* [Collected data]:
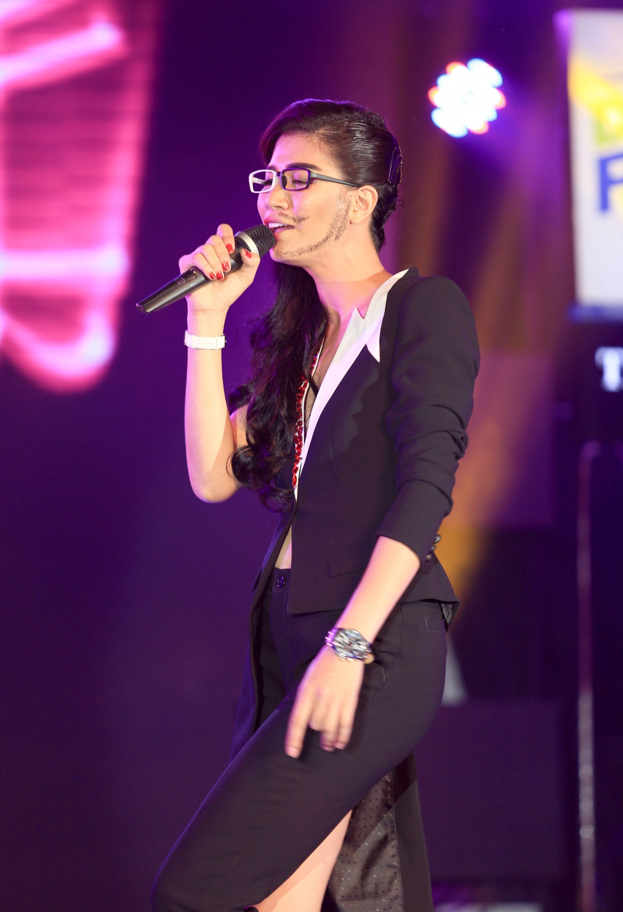 | Tiết mục càng “hot” hơn khi cô bất ngờ cởi bỏ bộ trang phục “chuẩn men” lúc đầu để chuyển sang một phần trình diễn vô cùng quyến rũ. |
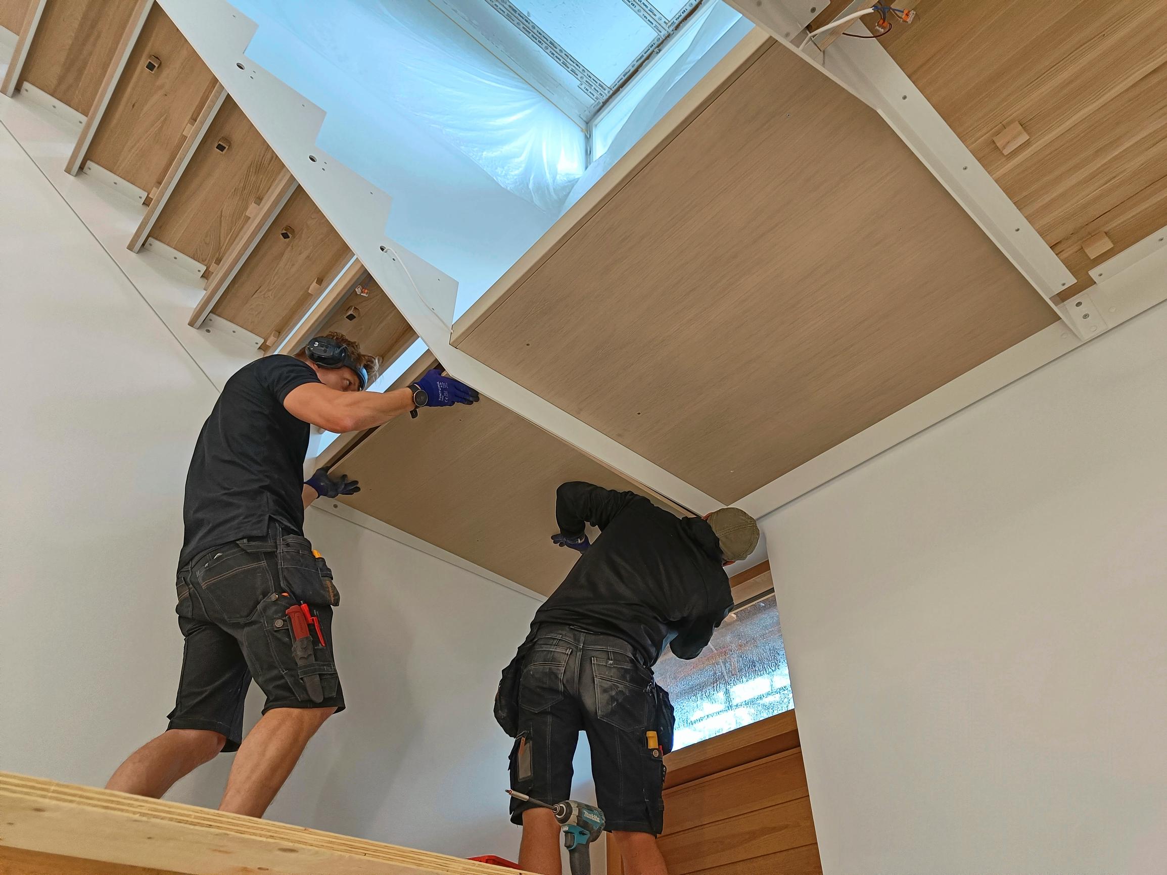 – Olisi tietysti ollut parempi asentaa ne yhtä aikaa, mutta haluttiin tehdä ullakolle meneminen vähän helpommaksi sisätöitä varten, Mikko selittää.
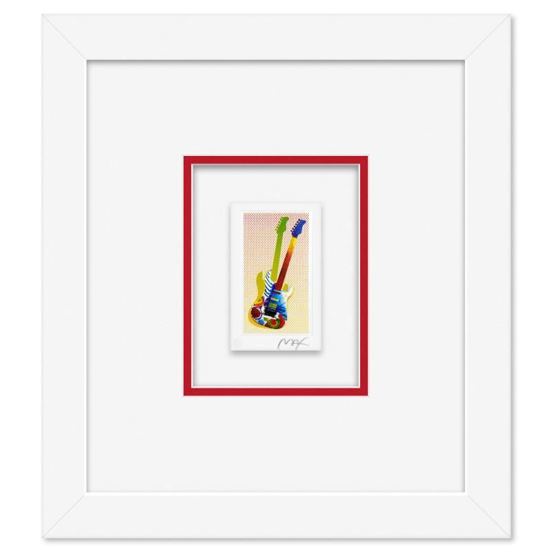 "Rock-N-Roll Guitar I" is a limited edition lithograph on paper by Peter Max numbered and hand signed by the artist. This piece comes framed. Includes Certificate of Authenticity from Peter Max Studios. Measures approx. 13" x 11.5" (frame) 4" x 2.5" (image).
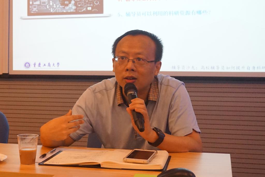 在沙龙讨论环节,文敏、张静、孔海啸、周晋、朱锡斌、冉永琴、林新竹等辅导员老师积极发言,围绕如何申报课题、如何组建科研团队、如何跨学科做科研、如何平衡日常工作与科研时间分配等问题展开热烈讨论。科研经验丰富的辅导员老师们均表示:科研团队的构建非常重要,要充分发挥团队成员各自的学科优势,形成通力协作、资源共享的氛围,也呼吁学校、学工部能够为辅导员们多搭建科研团队,解决部分辅导员老师们经验不足、非思政专业知识基础不扎实等问题。
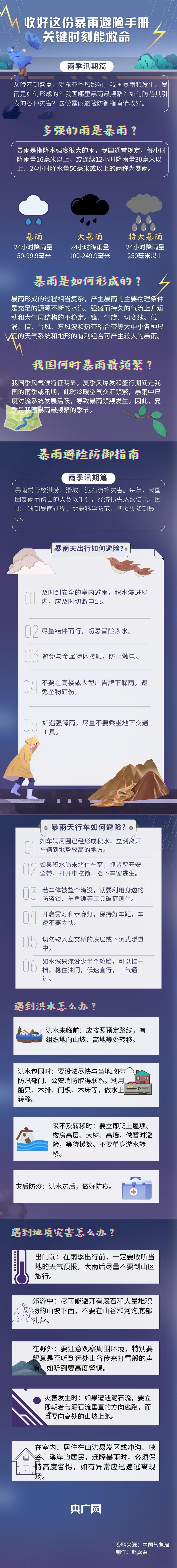 央廣網(wǎng)長春7月5日消息(記者郭東隅)正值汛期,我國多地遭遇今年以來最強降雨過程,出現(xiàn)暴雨、大暴雨甚至特大暴雨。那么,暴雨究竟是如何形成的?如何防范其引發(fā)的各種災害?這份暴雨避險防御指南請收好,關鍵時刻能救命。
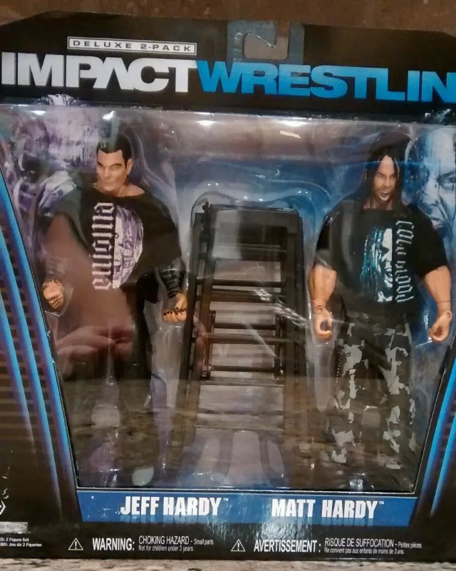 (2) Matt and Jeff Hardy Twist of Hate Ringside Collectibles Exclusive. For months, Abyss promised that “they” were coming on 10-10-10. “They” turned out to be Hulk Hogan’s heel Immortal stable, which by early 2011 included the reunited Hardy Boyz as bad guys. Ringside Collectibles and ShopTNA sold this exclusive two-pack of figures, which may be the only time Matt and Jeff have been packaged together as heels.
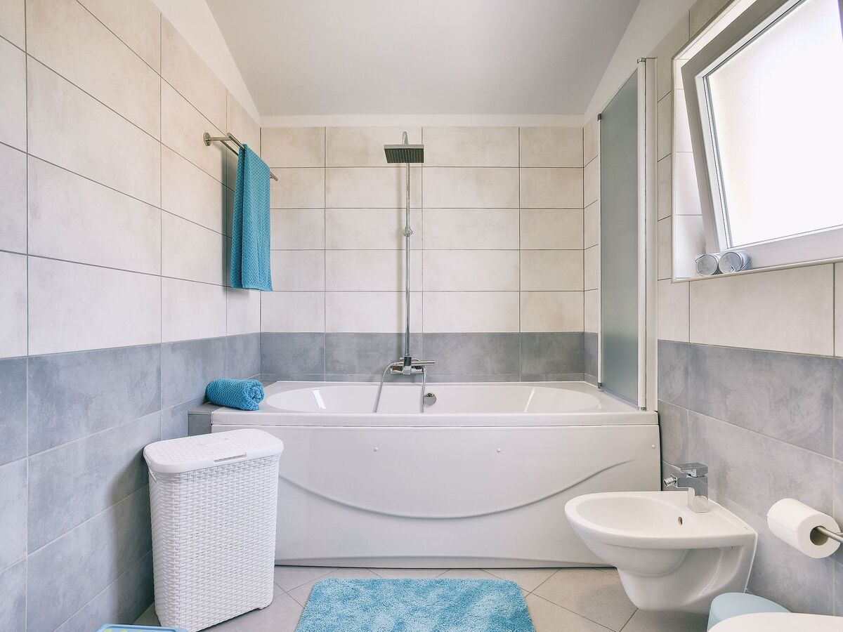 -1st bathroom: washbasin, toilette, bath, bide, hairdryer
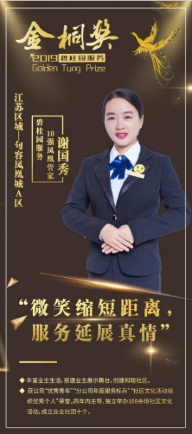 “碧桂園社區(qū)是個大家庭,也是個大舞臺,生活在這里就要熱熱鬧鬧的,組織300余場社區(qū)文化活動,協(xié)助創(chuàng)辦10個業(yè)主社團,每一次都能得到業(yè)主高度支持,在業(yè)主的肯定中,我實現了自己的價值!
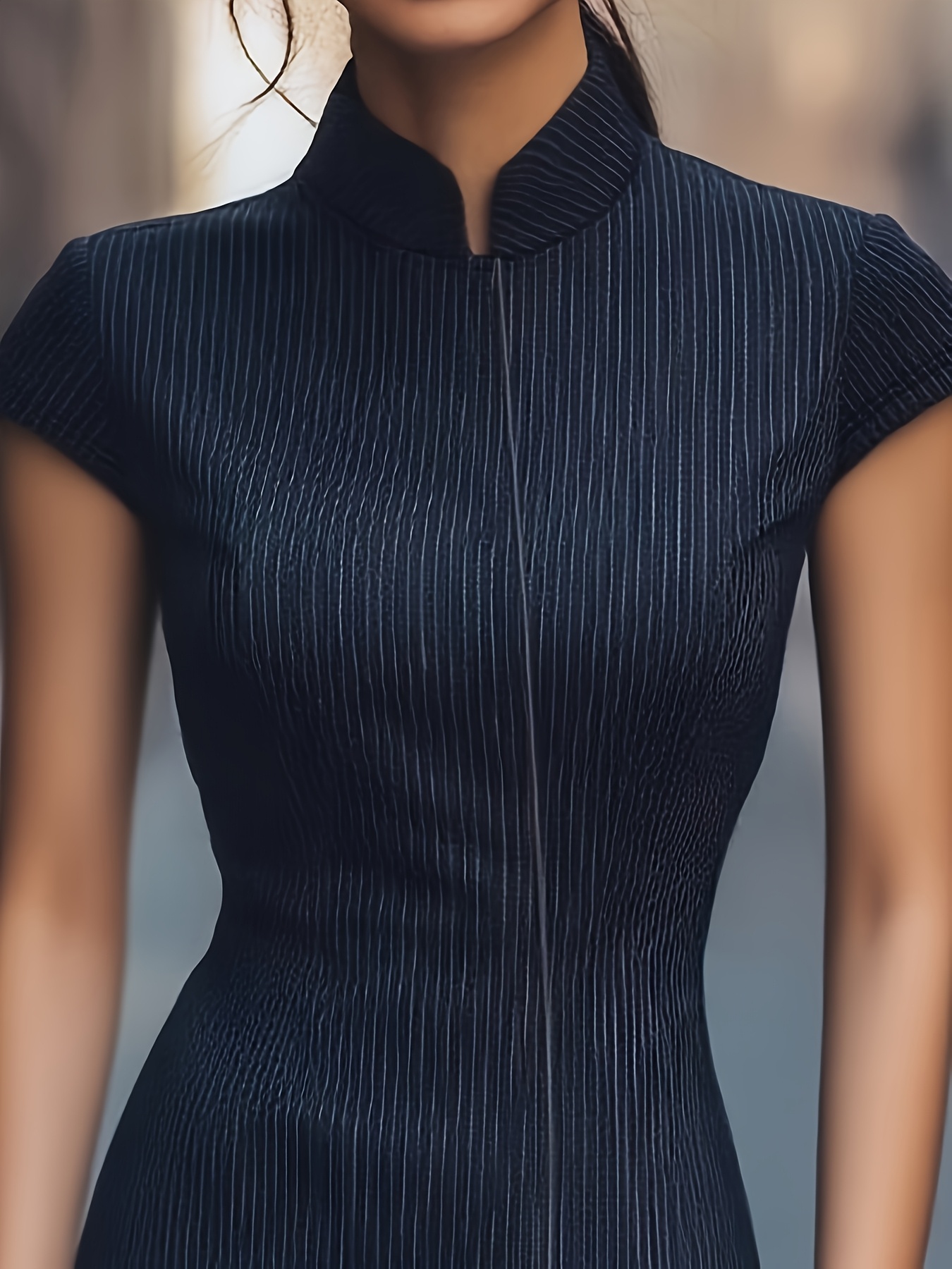 [Elegant Striped Dress] Elegant Women's Striped Dress with Pockets | Zip-Up, Stand Collar, Long Sleeve, Ribbed Texture, Black & White Vertical Stripes | Casual or Formal Occasions, Ladies Dresses

* [Task brief]:
Only the line with "在沙龙讨论环节,文敏、张静、" and those preceding it, back to the first line of the entries, should be repeated exactly, without pictures.

* [Response box]:
 | Tiết mục càng “hot” hơn khi cô bất ngờ cởi bỏ bộ trang phục “chuẩn men” lúc đầu để chuyển sang một phần trình diễn vô cùng quyến rũ. |
 – Olisi tietysti ollut parempi asentaa ne yhtä aikaa, mutta haluttiin tehdä ullakolle meneminen vähän helpommaksi sisätöitä varten, Mikko selittää.
 "Rock-N-Roll Guitar I" is a limited edition lithograph on paper by Peter Max numbered and hand signed by the artist. This piece comes framed. Includes Certificate of Authenticity from Peter Max Studios. Measures approx. 13" x 11.5" (frame) 4" x 2.5" (image).
 在沙龙讨论环节,文敏、张静、孔海啸、周晋、朱锡斌、冉永琴、林新竹等辅导员老师积极发言,围绕如何申报课题、如何组建科研团队、如何跨学科做科研、如何平衡日常工作与科研时间分配等问题展开热烈讨论。科研经验丰富的辅导员老师们均表示:科研团队的构建非常重要,要充分发挥团队成员各自的学科优势,形成通力协作、资源共享的氛围,也呼吁学校、学工部能够为辅导员们多搭建科研团队,解决部分辅导员老师们经验不足、非思政专业知识基础不扎实等问题。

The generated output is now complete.